El esperado clásico portugués entre el Oporto y el Benfica finalizó con un empate sin goles este domingo en el Estádio do Dragão.
Este resultado puso fin a la racha perfecta de victorias que mantenían los ‘dragones’ desde el inicio de la temporada.
A pesar de no haber goles, el encuentro dejó momentos de alta tensión y mostró un duelo táctico entre dos entrenadores con estilos bien definidos.
Domino del Benfica y susto defensivo
El conjunto encarnado, dirigido por el italiano Francesco Farioli, fue quien dominó el ritmo del juego.
Lo hizo, manteniendo el control del balón durante la mayor parte del encuentro.

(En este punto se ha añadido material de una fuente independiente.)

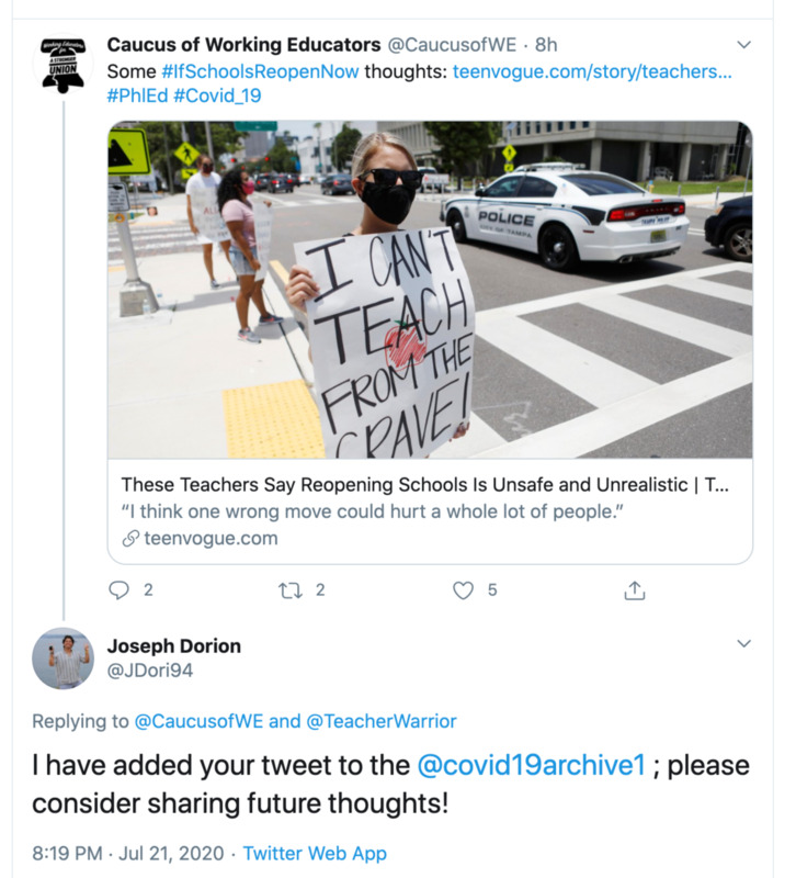 This item was added TAGS v6.1.9.1. I originally searched under the hashtag #ifschoolsreopennow. Within that search, I have chosen to add the following tweet because it is highlighting the divide amongst teachers concerning a desire to return and work with students while also fearing for their safety.

Venían de una victoria convincente en la Liga Europa ante el Estrella Roja de Belgrado
Pero en su intento por romper el empate, estuvieron a punto de conceder un gol en propia puerta.

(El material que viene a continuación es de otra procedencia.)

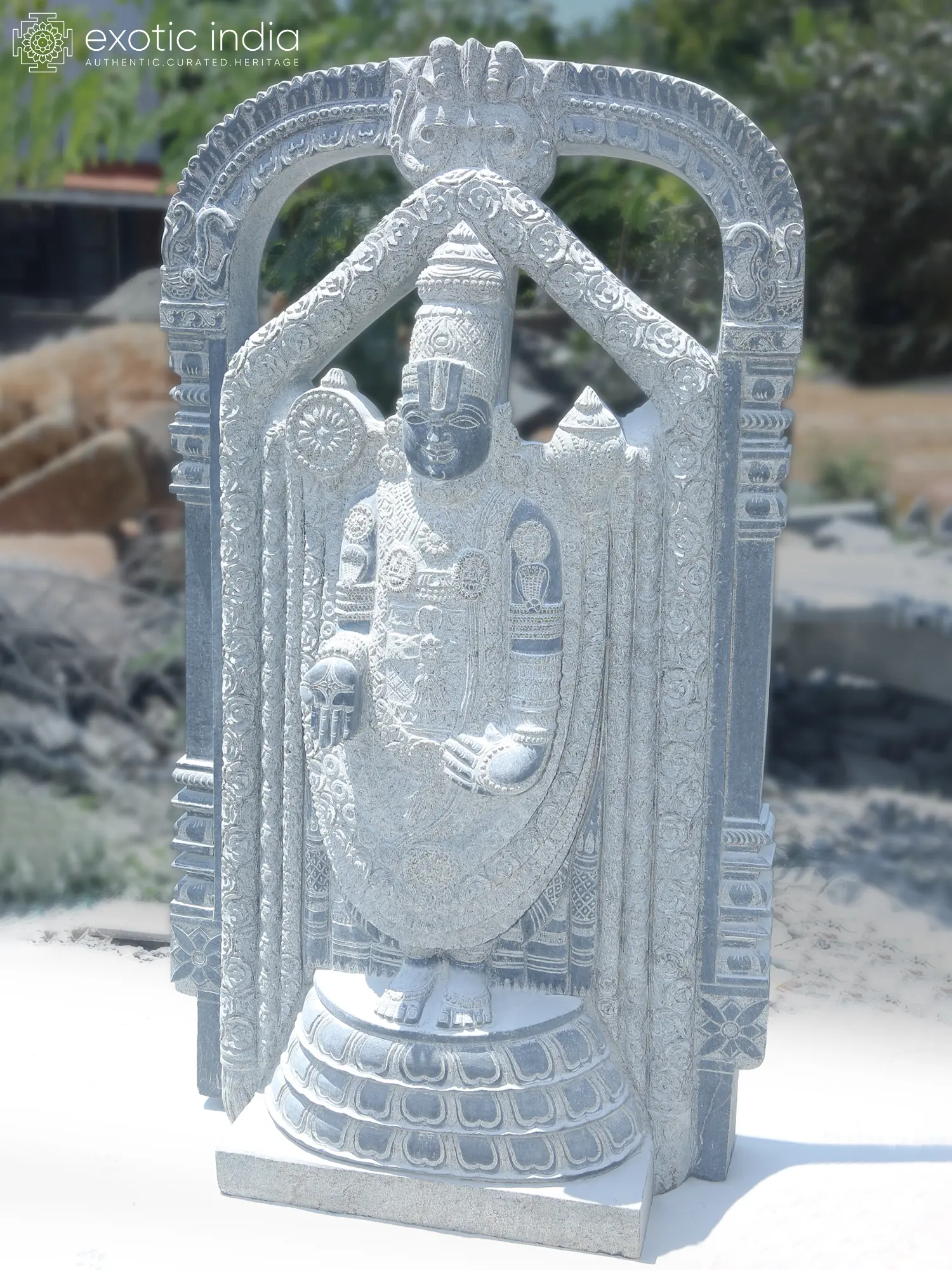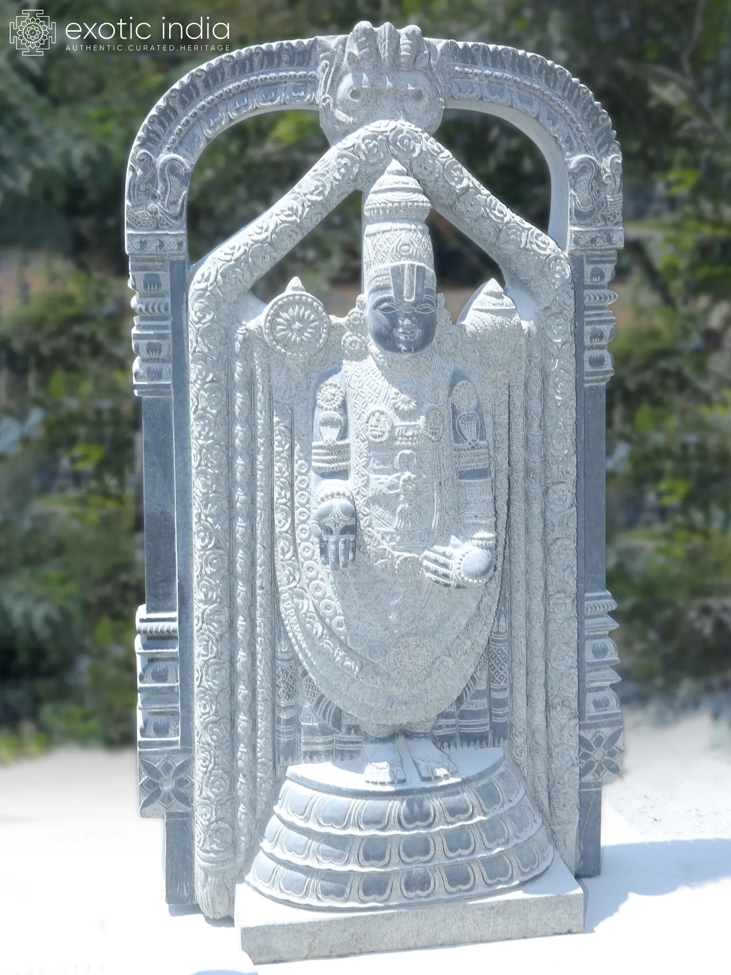 The Black Granite Stone Idol of Standing Lord Tirupati Balaji showcases the majestic form of Lord Venkateshwara in intricate detail.

Sucedió, tras un desvío peligroso del defensor polaco Jakub Kiwior en la segunda parte.
El regreso de Mourinho a Oporto
Este encuentro también significó el regreso de José Mourinho a la ciudad que marcó el inicio de su exitosa carrera como entrenador.
Desde septiembre, el técnico portugués se encuentra al mando del Benfica, intentando devolver al club lisboeta a la cima del fútbol luso.

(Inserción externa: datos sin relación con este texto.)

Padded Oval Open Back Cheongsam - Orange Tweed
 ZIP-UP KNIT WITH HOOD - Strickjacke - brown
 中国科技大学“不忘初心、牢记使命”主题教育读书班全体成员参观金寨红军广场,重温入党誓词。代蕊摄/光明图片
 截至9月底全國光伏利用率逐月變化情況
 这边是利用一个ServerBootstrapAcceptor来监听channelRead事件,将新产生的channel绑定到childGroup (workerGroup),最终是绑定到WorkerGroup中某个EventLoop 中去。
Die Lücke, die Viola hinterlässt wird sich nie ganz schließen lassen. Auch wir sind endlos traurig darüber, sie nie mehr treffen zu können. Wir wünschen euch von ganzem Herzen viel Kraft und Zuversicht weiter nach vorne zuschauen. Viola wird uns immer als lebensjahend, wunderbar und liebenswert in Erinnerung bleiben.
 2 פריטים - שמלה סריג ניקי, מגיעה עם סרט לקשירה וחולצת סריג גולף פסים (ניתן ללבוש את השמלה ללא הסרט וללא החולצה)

Tras el empate, el Oporto conserva el liderato con 22 puntos, mientras el Sporting se mantiene segundo con 19 y el Benfica tercero con 18.
Latinoamericanos protagonistas en Lisboa y Braga
En otro partido importante del domingo, el Sporting empató 1-1 frente al Braga, con un gol del uruguayo Rodrigo Zalazar para los locales.
La respuesta fue del colombiano Luis Suárez, para los visitantes.
Ambos futbolistas sudamericanos fueron figuras clave en un duelo que mantiene viva la lucha por los primeros puestos de la liga portuguesa.